▶ [The task] Exactly the lines from the one with "Soho Bedside Table" through the final line of the entries, and nothing else, should appear in the answer; no pictures go in it.
Segment Start: Information shown
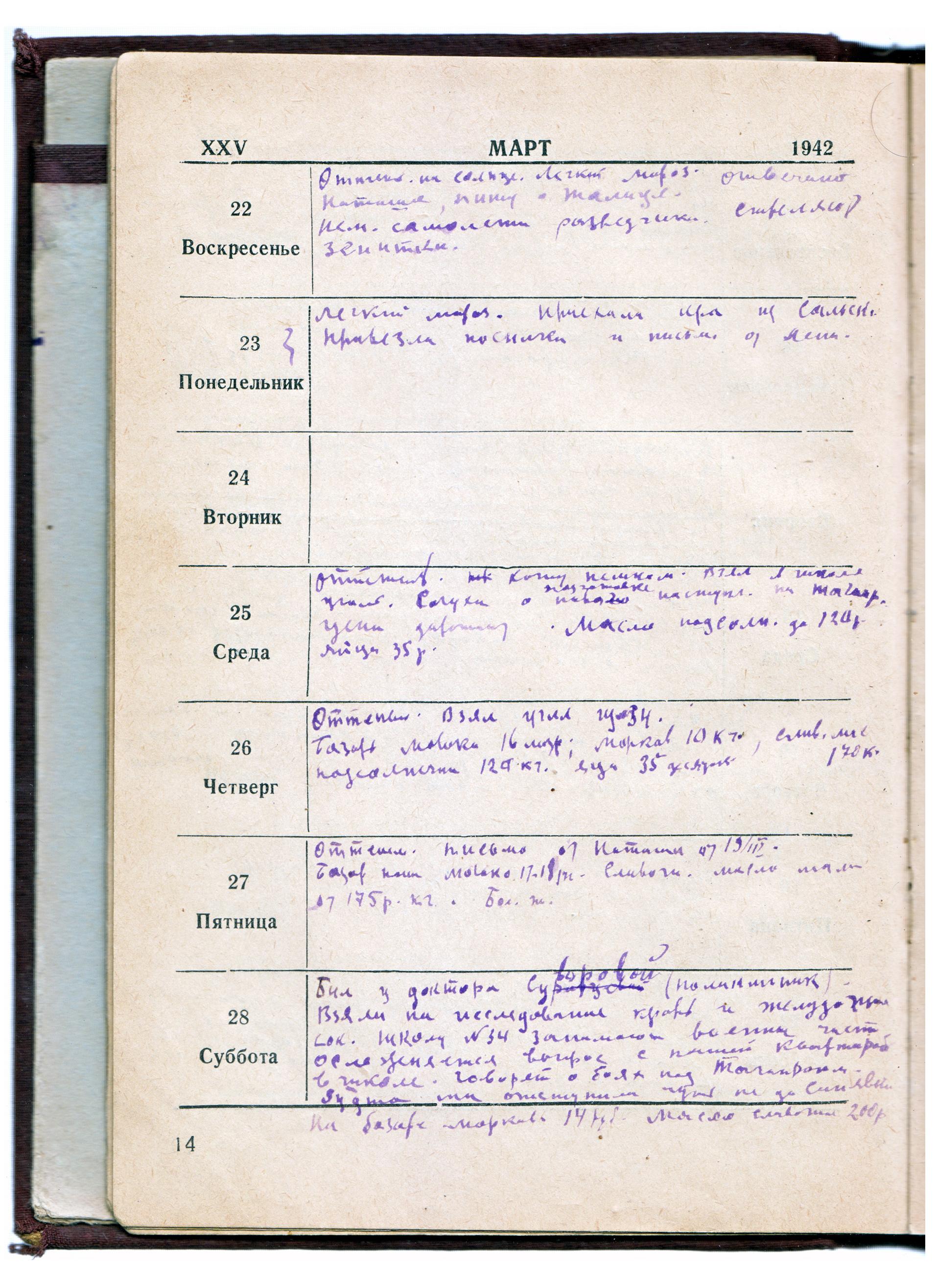 | 25 | марта | 1942: | "...Хожу пешком." |
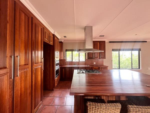 Kitchen: Stunning wooden centre-island, open plan to living area, gas top stove, hob and scullery
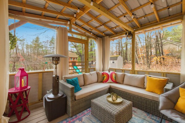 ✔ Screened-in porch with propane heater & string lights—perfect year-round
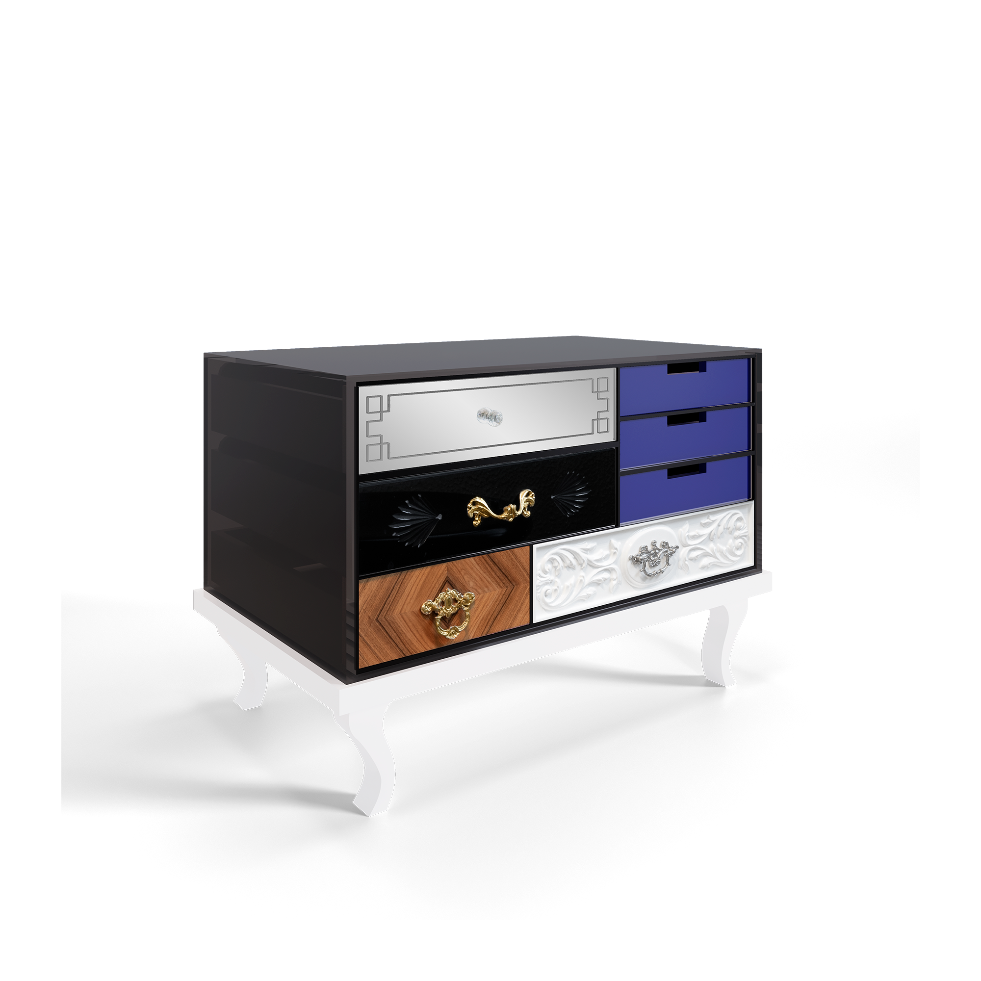 Soho Bedside Table is another addition to Soho Collection. Composed by a collection of wood drawers finished in mirror and black glass with etched detailing, gold leaf, diamond mateched rosewood veneer, high gloss blue or pink lacquer, and white lacquer with hand carved relief patterning. The drawers are accented with handmade brass pulls, some of which are plated in chrome, and cut glass knobs; they are encased in a bronze glass box supported by a high gloss.
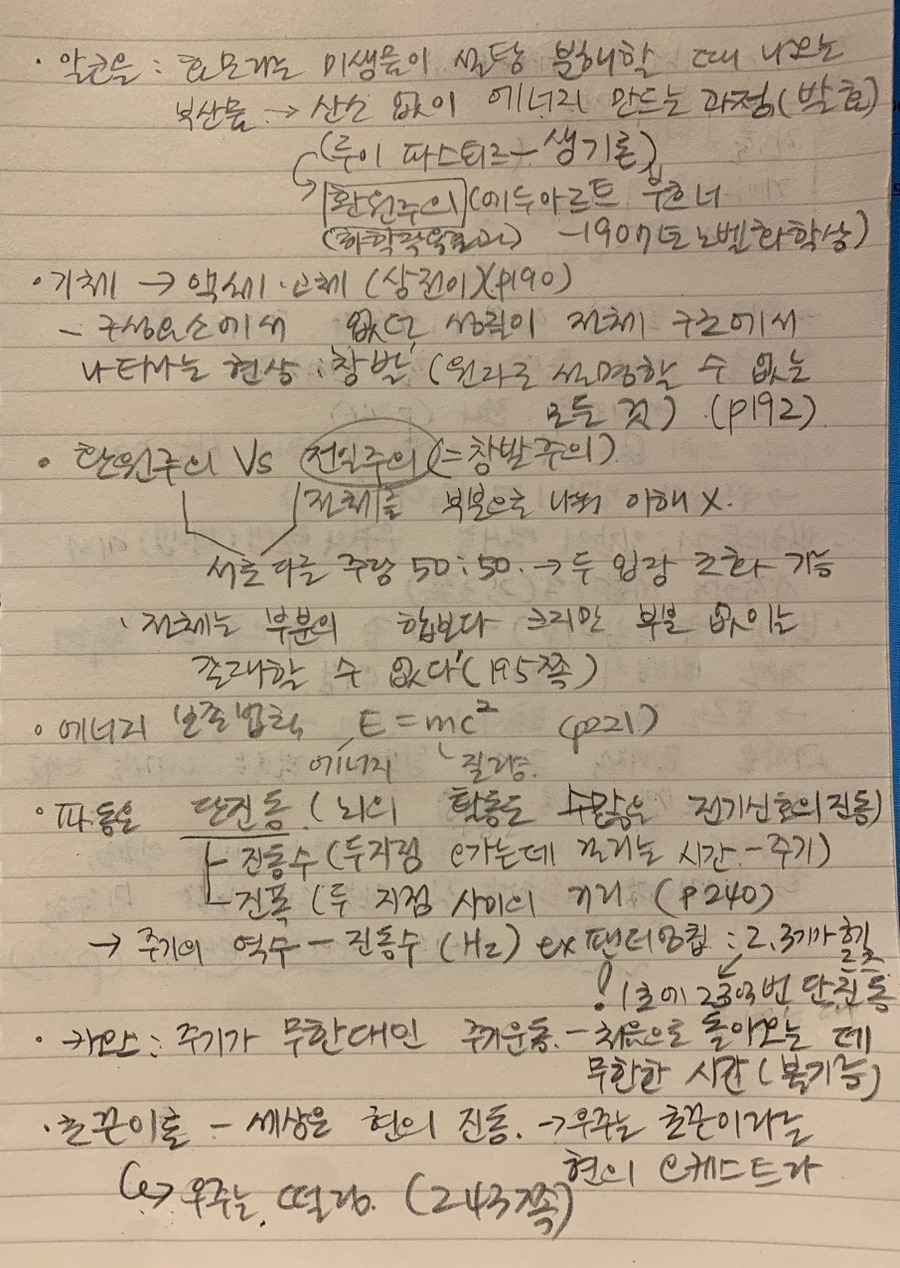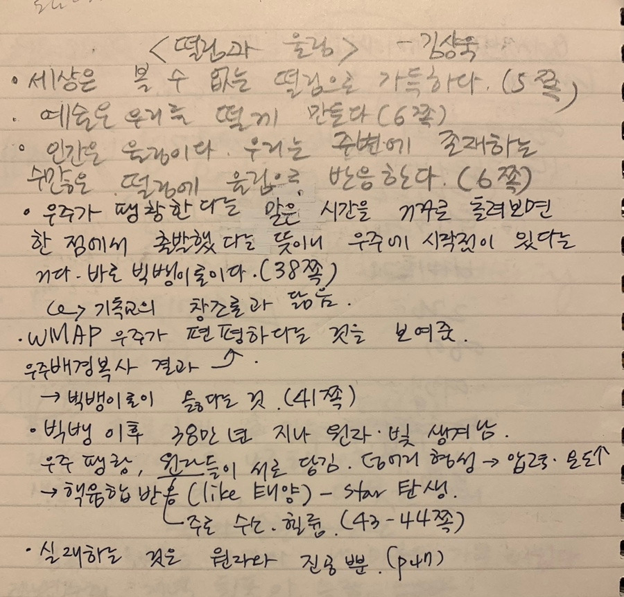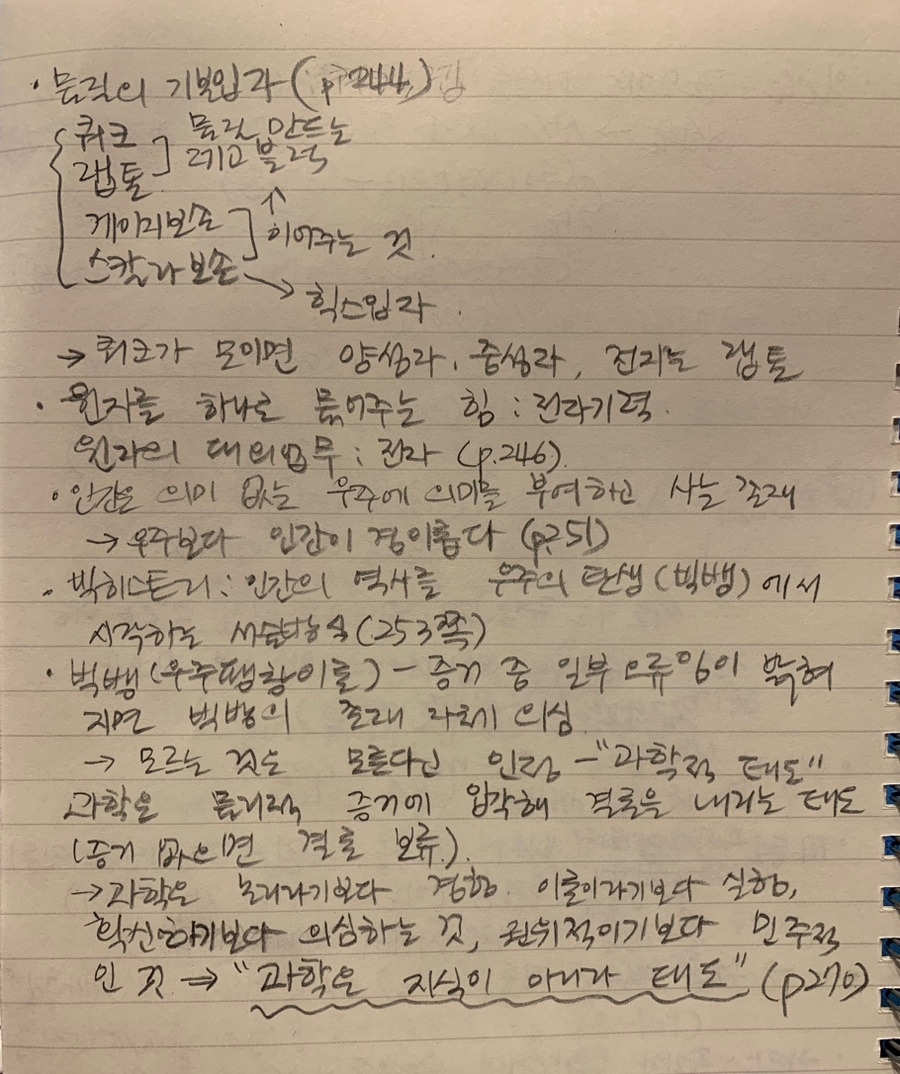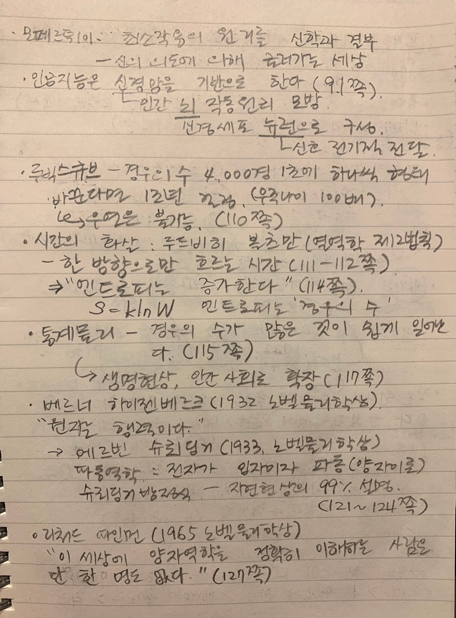 그동안 손에 꼽을 만큼 읽은 과학책 중에도 아주 어려운 책에 속한다. 고등학교 때 물리 반이었던 나는 우리말인데도 이해하기 어려운 내용들을 꾸역꾸역 기록해 가며 읽었다. 이번 달 인문학모임 책이기 때문이다. (아마도 그렇지 않았으면 읽다 던졌을지도 모른다.)
Segment End: Information shown
▶ [Solution to the problem]
 Soho Bedside Table is another addition to Soho Collection. Composed by a collection of wood drawers finished in mirror and black glass with etched detailing, gold leaf, diamond mateched rosewood veneer, high gloss blue or pink lacquer, and white lacquer with hand carved relief patterning. The drawers are accented with handmade brass pulls, some of which are plated in chrome, and cut glass knobs; they are encased in a bronze glass box supported by a high gloss.
 그동안 손에 꼽을 만큼 읽은 과학책 중에도 아주 어려운 책에 속한다. 고등학교 때 물리 반이었던 나는 우리말인데도 이해하기 어려운 내용들을 꾸역꾸역 기록해 가며 읽었다. 이번 달 인문학모임 책이기 때문이다. (아마도 그렇지 않았으면 읽다 던졌을지도 모른다.)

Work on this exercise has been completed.